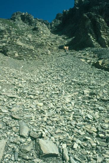 Dann geht es in der dritten Rinne in lockerem Gestein auch gleich richtig hinauf.
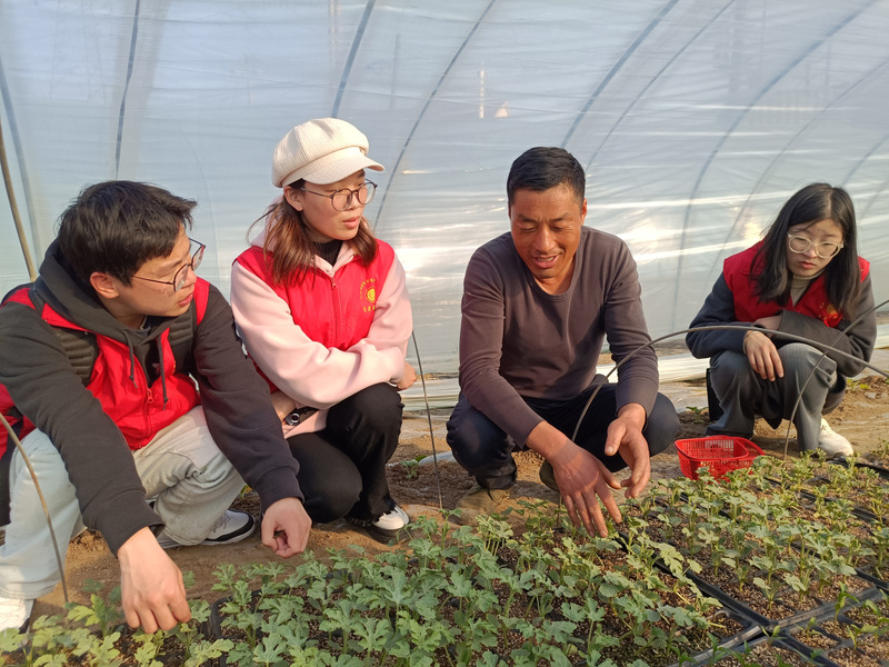 在种植大棚,农户还给志愿者们普及了草莓、西瓜、香瓜、辣椒等一系列水果、蔬菜育苗和移栽技术。在这里,同学们通过田间地头的学习,“深读研究”种植技术和田间管理技术,将理论与实践相结合。
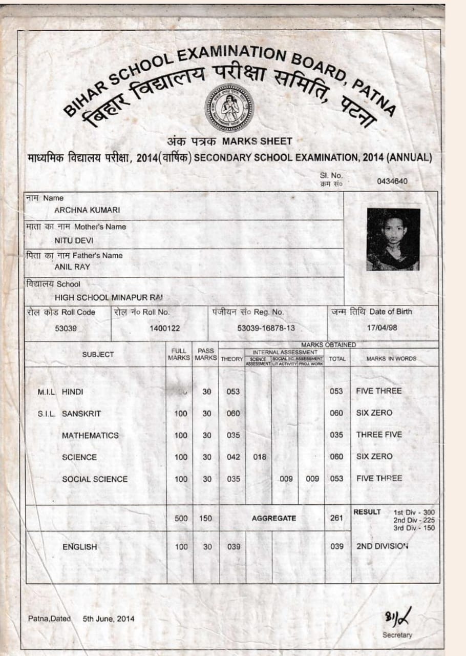 | Exam | Full Marks | Pass Marks | Marks Obtained |

◆ ◆ ◆ ◆

■ **How to complete this task**
Starting at the line that contains "在种植大棚,农户还给志愿者们", transcribe every line through the end of the listing exactly, including both end lines and excluding pictures.

■ **Response**
 在种植大棚,农户还给志愿者们普及了草莓、西瓜、香瓜、辣椒等一系列水果、蔬菜育苗和移栽技术。在这里,同学们通过田间地头的学习,“深读研究”种植技术和田间管理技术,将理论与实践相结合。
 | Exam | Full Marks | Pass Marks | Marks Obtained |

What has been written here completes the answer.